Question

In YDSE, having slits of equal width, let $$\beta$$ be the fringe width and $I_0$ be the maximum intensity. At a distance $x$ from the central bright fringe, the intensity will be
A. $I_0\cos \left({\displaystyle \frac{x}{\beta }}\right)$
B. $I_0{\cos }^2{\displaystyle \frac{2\pi x}{\beta }}$
C. $I_0{\cos }^2{\displaystyle \frac{\pi x}{\beta }}$
D. ${\displaystyle \frac{I_0}{4}}{\cos }^2{\displaystyle \frac{\pi x}{\beta }}$

Answer 1

Hint: We can solve this problem with the Young’s double slit experiments. This experiment is the proof of the dual nature of light. In this experiment wave theory of light is explained. In this experiment, we use a screen with two slits and an optical screen at which we get interference patterns.

Complete answer:
In YDSE, we break a single monochromatic light source into two coherent sources by placing the screen having two slits in front of a single light source and the optical screen is “D” distance away from the silts. If we take a point $S$ on the optical screen $x$ distance from the centre then waves from the both silts have to travel different paths to reach the point due to which path difference $\mathrm{\Delta }x$ is created.
Diagram for YDSE is given below,

Constructive and destructive interference is formed on the screen so alternate dark and bright fringe appears on the screen.
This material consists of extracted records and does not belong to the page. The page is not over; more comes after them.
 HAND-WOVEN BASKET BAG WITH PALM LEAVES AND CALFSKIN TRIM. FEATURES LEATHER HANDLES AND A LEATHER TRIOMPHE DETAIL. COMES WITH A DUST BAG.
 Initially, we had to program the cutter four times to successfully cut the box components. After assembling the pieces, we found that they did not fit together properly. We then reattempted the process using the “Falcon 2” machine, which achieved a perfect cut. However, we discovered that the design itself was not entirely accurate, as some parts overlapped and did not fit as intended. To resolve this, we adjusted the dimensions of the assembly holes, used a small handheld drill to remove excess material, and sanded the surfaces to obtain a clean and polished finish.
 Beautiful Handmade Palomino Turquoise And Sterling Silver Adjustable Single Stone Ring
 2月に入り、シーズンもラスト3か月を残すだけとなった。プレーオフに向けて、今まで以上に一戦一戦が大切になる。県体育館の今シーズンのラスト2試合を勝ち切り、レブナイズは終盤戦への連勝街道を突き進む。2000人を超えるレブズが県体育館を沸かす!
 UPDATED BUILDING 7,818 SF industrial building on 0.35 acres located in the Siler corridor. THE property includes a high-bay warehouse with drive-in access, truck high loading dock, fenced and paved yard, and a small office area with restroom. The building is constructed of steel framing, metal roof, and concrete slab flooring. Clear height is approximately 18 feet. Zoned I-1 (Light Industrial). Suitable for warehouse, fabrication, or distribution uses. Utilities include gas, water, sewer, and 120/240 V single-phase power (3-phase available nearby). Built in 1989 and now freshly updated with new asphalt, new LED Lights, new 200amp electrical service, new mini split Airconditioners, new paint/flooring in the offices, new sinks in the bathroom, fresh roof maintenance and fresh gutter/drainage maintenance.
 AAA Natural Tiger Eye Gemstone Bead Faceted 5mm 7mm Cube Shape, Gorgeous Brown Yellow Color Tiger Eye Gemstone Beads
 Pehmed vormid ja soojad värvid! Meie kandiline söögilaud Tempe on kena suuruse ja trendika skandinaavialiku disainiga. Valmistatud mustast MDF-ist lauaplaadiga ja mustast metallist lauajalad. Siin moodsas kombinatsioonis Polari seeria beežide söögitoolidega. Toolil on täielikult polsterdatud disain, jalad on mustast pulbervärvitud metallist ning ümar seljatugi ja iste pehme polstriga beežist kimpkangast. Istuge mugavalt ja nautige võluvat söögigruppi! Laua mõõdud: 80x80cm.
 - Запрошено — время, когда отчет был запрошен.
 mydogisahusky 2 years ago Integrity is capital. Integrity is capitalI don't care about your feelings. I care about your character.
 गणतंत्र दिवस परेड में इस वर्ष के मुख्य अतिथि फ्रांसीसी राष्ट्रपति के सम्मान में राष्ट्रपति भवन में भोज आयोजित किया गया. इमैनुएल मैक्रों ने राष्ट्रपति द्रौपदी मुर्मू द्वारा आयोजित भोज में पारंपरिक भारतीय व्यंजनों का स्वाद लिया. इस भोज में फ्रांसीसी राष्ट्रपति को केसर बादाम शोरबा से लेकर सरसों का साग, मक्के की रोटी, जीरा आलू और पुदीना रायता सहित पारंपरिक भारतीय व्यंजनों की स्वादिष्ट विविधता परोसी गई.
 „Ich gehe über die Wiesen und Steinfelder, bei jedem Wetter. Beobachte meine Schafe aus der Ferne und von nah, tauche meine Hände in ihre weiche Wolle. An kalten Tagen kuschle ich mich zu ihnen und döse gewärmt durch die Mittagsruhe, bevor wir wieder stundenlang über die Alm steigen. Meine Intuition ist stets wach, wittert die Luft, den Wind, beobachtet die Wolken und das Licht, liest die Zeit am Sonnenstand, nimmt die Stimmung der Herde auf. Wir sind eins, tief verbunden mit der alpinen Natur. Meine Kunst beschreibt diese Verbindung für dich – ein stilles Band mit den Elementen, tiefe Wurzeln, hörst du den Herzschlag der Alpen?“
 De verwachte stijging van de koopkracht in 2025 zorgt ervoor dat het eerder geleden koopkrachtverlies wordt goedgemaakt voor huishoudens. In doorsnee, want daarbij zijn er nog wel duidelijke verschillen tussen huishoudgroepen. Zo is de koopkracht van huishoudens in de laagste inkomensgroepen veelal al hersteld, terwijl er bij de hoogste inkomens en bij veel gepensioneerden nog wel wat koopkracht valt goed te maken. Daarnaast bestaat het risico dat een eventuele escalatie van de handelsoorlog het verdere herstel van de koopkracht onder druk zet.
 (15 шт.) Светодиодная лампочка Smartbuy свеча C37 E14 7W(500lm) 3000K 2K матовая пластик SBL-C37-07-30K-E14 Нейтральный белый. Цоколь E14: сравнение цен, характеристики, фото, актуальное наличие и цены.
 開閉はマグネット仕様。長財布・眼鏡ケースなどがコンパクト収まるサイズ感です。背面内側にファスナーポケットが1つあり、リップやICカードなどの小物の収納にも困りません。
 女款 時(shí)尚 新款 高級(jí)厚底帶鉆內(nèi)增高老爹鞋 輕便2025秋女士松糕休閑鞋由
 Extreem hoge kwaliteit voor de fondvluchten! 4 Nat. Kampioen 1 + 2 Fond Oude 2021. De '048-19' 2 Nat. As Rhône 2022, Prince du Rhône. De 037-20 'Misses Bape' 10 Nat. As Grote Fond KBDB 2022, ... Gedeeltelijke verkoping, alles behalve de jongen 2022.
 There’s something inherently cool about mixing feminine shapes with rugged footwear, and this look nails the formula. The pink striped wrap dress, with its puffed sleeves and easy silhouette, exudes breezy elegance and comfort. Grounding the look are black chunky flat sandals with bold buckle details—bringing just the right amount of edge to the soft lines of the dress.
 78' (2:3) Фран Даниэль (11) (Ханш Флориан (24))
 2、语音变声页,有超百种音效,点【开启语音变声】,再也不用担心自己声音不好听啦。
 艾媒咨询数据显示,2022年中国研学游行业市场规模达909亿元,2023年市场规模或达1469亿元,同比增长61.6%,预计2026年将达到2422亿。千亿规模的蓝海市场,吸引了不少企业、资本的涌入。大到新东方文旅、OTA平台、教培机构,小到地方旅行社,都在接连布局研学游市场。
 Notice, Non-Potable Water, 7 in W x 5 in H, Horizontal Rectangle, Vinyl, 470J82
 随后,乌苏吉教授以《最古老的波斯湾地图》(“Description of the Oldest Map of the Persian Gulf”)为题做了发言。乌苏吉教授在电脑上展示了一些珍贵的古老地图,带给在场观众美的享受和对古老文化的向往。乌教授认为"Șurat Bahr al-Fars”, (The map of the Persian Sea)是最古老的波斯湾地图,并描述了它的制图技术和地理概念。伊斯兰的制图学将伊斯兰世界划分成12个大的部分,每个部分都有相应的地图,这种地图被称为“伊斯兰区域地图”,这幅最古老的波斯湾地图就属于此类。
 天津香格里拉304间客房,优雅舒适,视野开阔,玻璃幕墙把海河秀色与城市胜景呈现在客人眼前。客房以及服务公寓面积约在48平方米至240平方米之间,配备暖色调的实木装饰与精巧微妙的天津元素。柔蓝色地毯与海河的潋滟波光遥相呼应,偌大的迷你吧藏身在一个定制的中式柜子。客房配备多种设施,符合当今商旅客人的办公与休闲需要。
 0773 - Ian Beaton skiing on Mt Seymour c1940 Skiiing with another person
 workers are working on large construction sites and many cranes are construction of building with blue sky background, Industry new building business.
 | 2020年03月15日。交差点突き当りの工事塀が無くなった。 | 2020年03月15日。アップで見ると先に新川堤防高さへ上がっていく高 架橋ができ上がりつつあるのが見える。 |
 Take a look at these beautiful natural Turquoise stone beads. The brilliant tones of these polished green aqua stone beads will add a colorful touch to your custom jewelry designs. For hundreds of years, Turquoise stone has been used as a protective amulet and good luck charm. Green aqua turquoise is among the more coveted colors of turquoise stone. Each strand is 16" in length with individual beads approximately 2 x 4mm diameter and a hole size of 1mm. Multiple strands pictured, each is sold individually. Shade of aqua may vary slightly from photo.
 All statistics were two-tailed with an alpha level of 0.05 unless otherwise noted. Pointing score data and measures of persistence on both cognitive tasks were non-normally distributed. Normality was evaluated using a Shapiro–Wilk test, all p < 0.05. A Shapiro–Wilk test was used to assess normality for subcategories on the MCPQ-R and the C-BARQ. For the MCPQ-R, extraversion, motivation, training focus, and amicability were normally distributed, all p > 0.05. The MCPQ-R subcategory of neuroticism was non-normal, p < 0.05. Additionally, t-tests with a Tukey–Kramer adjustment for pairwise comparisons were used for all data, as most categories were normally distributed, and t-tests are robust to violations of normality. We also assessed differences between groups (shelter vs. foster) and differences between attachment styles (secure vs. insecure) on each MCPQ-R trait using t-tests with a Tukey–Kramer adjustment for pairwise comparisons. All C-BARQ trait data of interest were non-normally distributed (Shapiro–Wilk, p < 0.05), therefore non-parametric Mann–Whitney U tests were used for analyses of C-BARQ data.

Fringe width is the distance between the two adjacent fringes.
Its formula is : $\beta ={\displaystyle \frac{\lambda D}{d}}$ where $\lambda$is the wavelength of light and $d$ is the distance between the slits.
Intensity of light at the any point on the screen can be calculate by this formula:
$I_S=I_1+I_2+2\sqrt{I_1{I}_2}\cos \mathrm{\Delta }\varphi$ where $I_1,I_2$ is the intensity from the slits source and $\mathrm{\Delta }\varphi$ is the phase difference.
For the given question, we know that $\mathrm{\Delta }\varphi ={\displaystyle \frac{2\pi }{\lambda }}\mathrm{\Delta }x$ and $\mathrm{\Delta }x={\displaystyle \frac{xd}{D}}$ then,
$\mathrm{\Delta }\varphi ={\displaystyle \frac{2\pi }{\lambda }}\times {\displaystyle \frac{xd}{D}}={\displaystyle \frac{2\pi x}{\beta }}$
From the formula of the intensity of interference, we get intensity at any point that can also be shown as: $I=I_0{\cos }^2\mathrm{\Delta }\varphi /2$ where $I_0$ is the maximum intensity.
Hence, $I_S=I_0{\cos }^2{\displaystyle \frac{\pi x}{\lambda }}.{\displaystyle \frac{d}{D}}=I_0{\cos }^2{\displaystyle \frac{\pi x}{\beta }}$
At a distance $x$ from the central bright fringe, the intensity will be $I_0{\cos }^2{\displaystyle \frac{\pi x}{\beta }}$.

So, the correct answer is “Option C”.

Note:
In YDSE, brightness and darkness of fringes depends upon the many things such as size of both slits should be same and not be larger, the light sources should be monochromatic. From these experiments, it is proved that the light has wave and particle nature.